Nor did that fact thrill Paul, who doubted that the Honorable Thea Palliser, a middle-aged woman with iron-gray hair in a bun, could be fair to a defendant who had killed his mother, whether or not she had offspring of her own.
12
Of the Idle Hour gang, only Joe Becker, who was his own boss, and Molly McShane were able to attend the trial. The other men all had to work, and Gladys was laid up with a badly sprained ankle and was just lucky not to have broken anything. Molly would have spent the time with her and not in court, but in fact Gladys wanted to keep up with the news of the trial, so most days the former rode the bus to and from the county seat. Molly managed to live in her modest way on her late mother’s insurance. She would not ask Becker for a ride, and for his part he would not offer her one unless she asked. In the courtroom they avoided each other. Becker sat with Ellie, Mrs. Terwillen, and Orrie’s friend from college, Paul Leeds.
At the bar, the evening of the day the case went to the jury, Molly was exasperated by what Becker was saying.
“I don’t know where you get that,” she protested. “Bernard J. Furie’s just doing his job.”
“He’s a bum,” Becker said. “He didn’t have any evidence except that so-called confession, given when the poor kid was all confused and horrified by what happened.”
“You’re wrong there!” Molly crowed. “Orrie didn’t confess till noon two days later. He ran away the night of the killings and left his little sister to take the rap.”
Becker’s lip curled. “You’re going to sit there and say he should go to prison?”
Under the disapproving stare of the men (except Herm, who was busy rinsing glasses), Molly changed direction but was scarcely more amiable. “You always twist everything to fit your own warped mind. I got a lot more real sympathy for that poor kid than you have, any old day. What I’m doing, as any fool can plainly see, is saying how it could look to an innocent bystander. Bernard J. Furie was only doing his job. For heaven sake, the boy gave an official confession, signed it, and used the word ‘murder.’ It’s not up to the prosecuting attorney to prove he didn’t mean it.”

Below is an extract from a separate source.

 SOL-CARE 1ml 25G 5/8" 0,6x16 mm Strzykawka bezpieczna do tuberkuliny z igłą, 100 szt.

Becker seemed to speak to his glass. “Orrie shouldn’t ever have been brought to trial, and you know it. Nobody can say what went on up there that night, except him, and he’s not going to tell, but not because it would reflect badly on himself: that’s one thing I’m sure of. He’d rather go to prison to protect his mother’s reputation. He’s got the same kind of character as Augie: stand on your principles, regardless of the consequences. You don’t see much of that any more.” He was a little drunk.
From the last stool on the left, Al Hagman asked, “What’s he say was Orrie’s reason for using the shotgun?”

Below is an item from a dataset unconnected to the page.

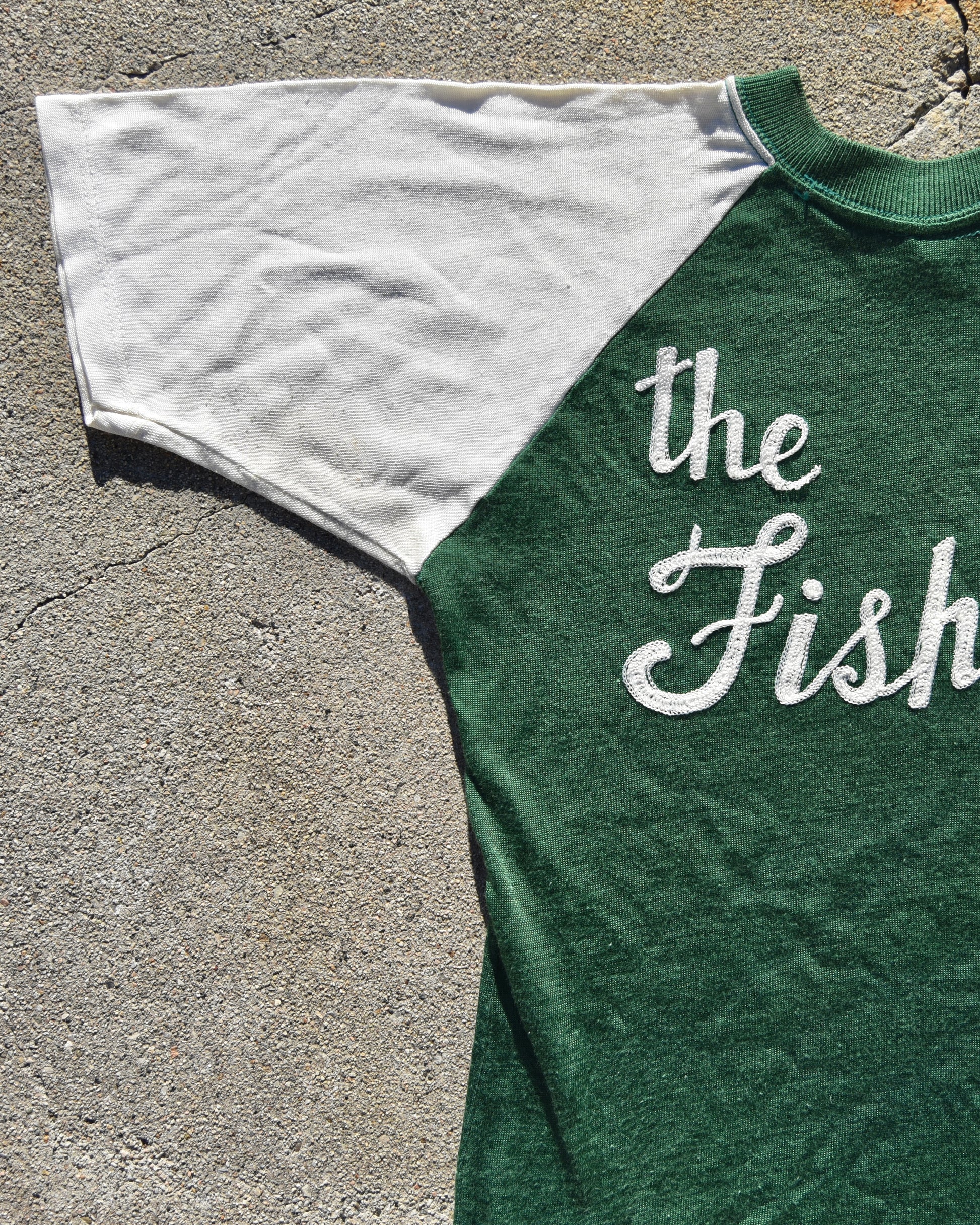 True Vintage 1950s Durene The Fishers Jersey. Chainstitched embroidery. In good condition for its age. Fits like a men’s small or medium. Has a good amount of stretch. Embroidery is on the back, front is blank

Molly corrected him. “You mean ‘motive.’”
Becker snorted. “I’m no lawyer, God knows, but that’s where Furie’s case was weakest. According to him, Orrie got in a big fight with Erie and Esther and lost his temper.”
“Got mad enough to shoot them down?”
“The pity is, Orrie said all kinds of things in that so-called confession that can be interpreted in different ways. He said he didn’t like Erie, though Erie had been good to the family. He said he had more or less decided to drop out of college, but his mother argued with him about that. He said Erie had taken his room. Most damaging of all, he kept using the word ‘murder’ for what he did. And Furie got some witnesses from school, a couple of kids who Orrie had fought, and some old-maid teacher and that principal, uh, Maxwell. They testified he lost his temper sometimes, for no good reason according to them, and got into fights. So what? Is that abnormal for a kid? Especially with little guys like that, you know they’re sometimes quicker to put up their dukes than certain big fellows. My dad used to call the type ‘little banty roosters.’ Got something to prove, I guess. But the boy was an honor student all the same. He’s no hoodlum. Furie was just trying to influence the jury.”
“Old Maxwell?” Rickie Wicks asked derisively. “He still around? That old stuffed shirt? I got hauled down his office once for fighting and he had me shake hands with the other kid and promise to be friends.” He grunted. “So we did it—the other kid was Cliff Moran—and then went out and took right up where we left off, only off school property. We used to fight all the time, hated each other’s guts. Nowadays I like Cliff well enough when I see him, which ain’t all that often though. Funny about kids.”
Becker went on impatiently. “But this Pollo is really something. You can see where he gets his reputation. When he’d get hold of the witnesses he’d be real nice to them—he was only sarcastic when it came to Furie—but he’d always make them sound sort of weakminded. But he was best with Orrie. ‘Did you love your mother with all your heart?’ ‘Yes.’’ Would you ever have done anything knowingly to hurt her?’ ‘No.’ ‘If you had a choice between saving her life or your own, what would you have done?’ Orrie was crying by then, and you could hardly hear his answer, so Pollo asked him again. ‘I would do anything,’ Orrie said. ‘I don’t care about my own life.’ And Pollo said, ‘That’s why you called it murder, wasn’t it? You blamed yourself for this terrible, terrible accident. You blamed yourself so much you wanted to be punished, you wished you were dead. So you said the worst thing about yourself you could think of, that you had murdered your beloved mother—isn’t that why you used that word?’” Becker lifted his glass. “I don’t think there was a dry eye in that courtroom, including mine—including the judge’s, I’ll bet.”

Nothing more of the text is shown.